# My mesmerize thinks it's on Verizon when I *228.



## starboyg (Aug 24, 2011)

I'm currently in Stillwater, OK (Which should be home area). My phone has the roaming triangle, and my brothers does not. I'm on the rooted stock GB. Do I need to do an EFS clear, then do *228?


----------



## akellar (Jun 11, 2011)

Wipe data/try odin again. And stop posting questions in the dev forum.


----------



## jpaulwaite (Jun 9, 2011)

make sure you're not roaming when you *228.


----------



## ACLakey (Jun 12, 2011)

Did you flash a Fascinate ROM by chance?


----------



## Cythrawl (Jul 7, 2011)

Another pro tip, try putting your phone into Home Only then doing a *228..

What might be happening is that the PRL doesnt have the details it needs to connect to the USCC Home tower.. Setting it to Home Only will make it ONLY connect to USCC towers... After the PRL update is done, you can set it back to automatic.

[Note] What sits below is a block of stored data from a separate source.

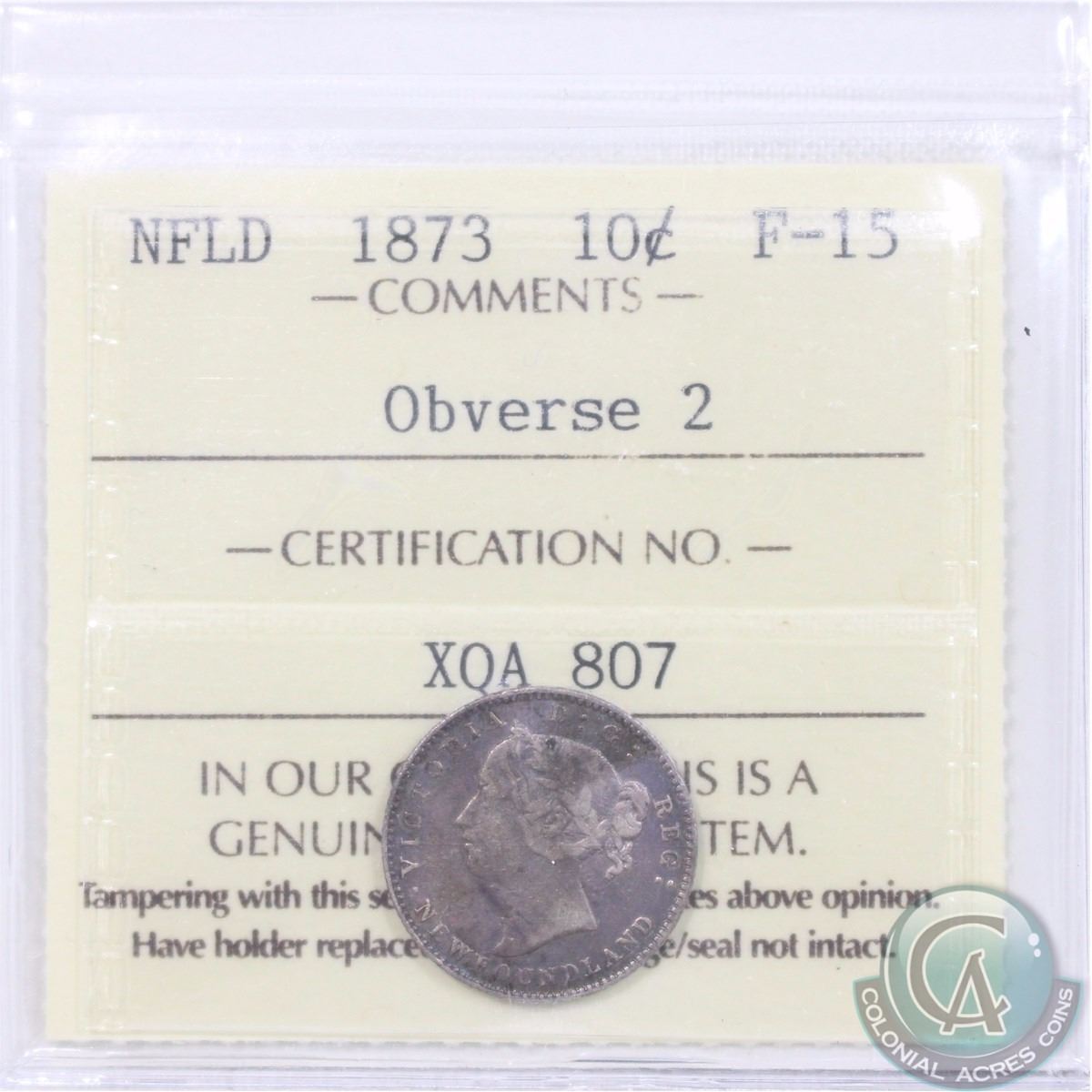 Newfoundland 10-cent 1873 Obverse 2 ICCS Certified F-15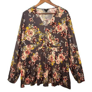Torrid Floral Crepe Rayon Babydoll Top Size 1X Multicolor Long Sleeve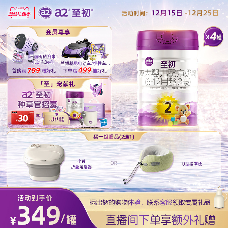 a2至初较大婴儿配方奶粉二段2段850g*2 官方旗舰店新西兰原装进口
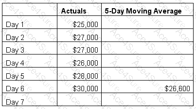 Using the data in the table, what is the exponential smoothing forecast for Day 7 (rounded to the nearest whole $)?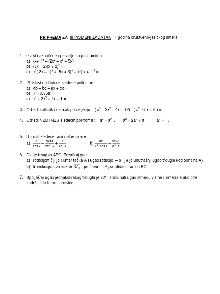 Pismeni Zadaci Iz Matematike Za 1 Razred Gimnazije
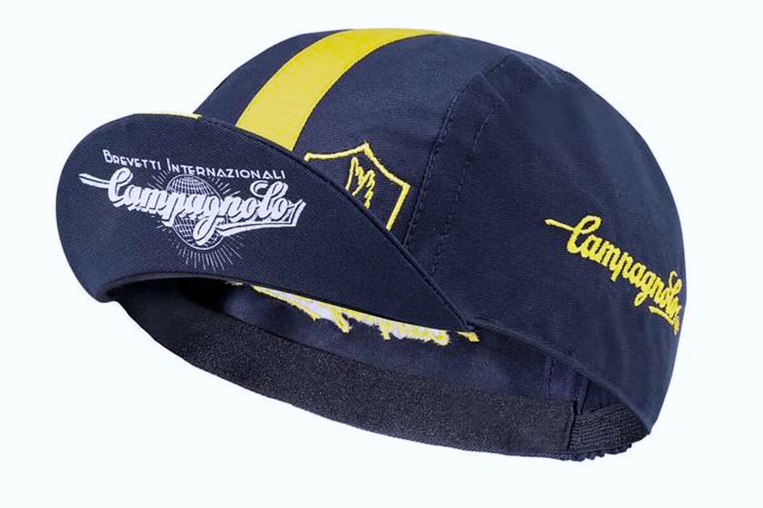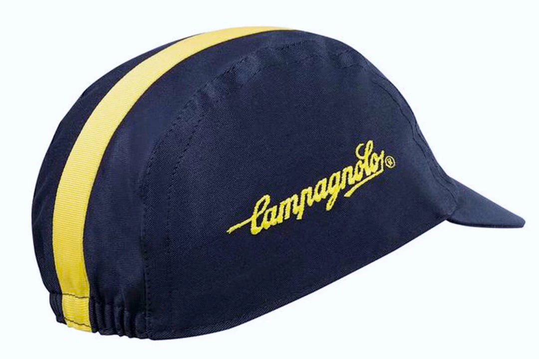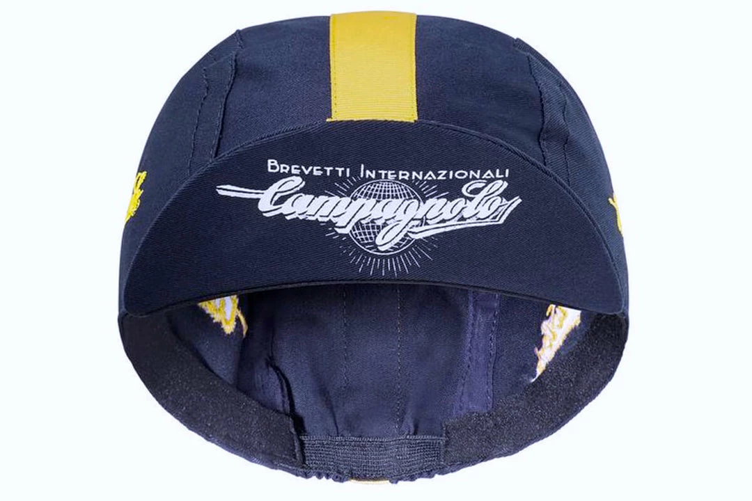 No component manufacturer has accompanied more athletes through the demanding roads of France to end up in yellow along the Champs Elysee. The TOUR colorway of the Classic Campagnolo Cycling Cap matches a dark and elegant Campagnolo blue to the immediately recognizable yellow of cycling’s most famous stage race to celebrate the Italian company’s incredible palmares.

It happens sometimes in some areas.


----------



## ronnie8890 (Aug 12, 2011)

Edit-tapatalk posted in the wrong thread.


----------



## RootMonkee (Dec 25, 2011)

EFS clear.. the same thing happened to me also and EFS clear fixed it


----------



## dgolom (Jun 12, 2011)

You could also try *22801. If that doesn't work, try *22802. Just keep trying 03, 04... until it recognizes US Cellular.

Sent from my SCH-I500 using Tapatalk


----------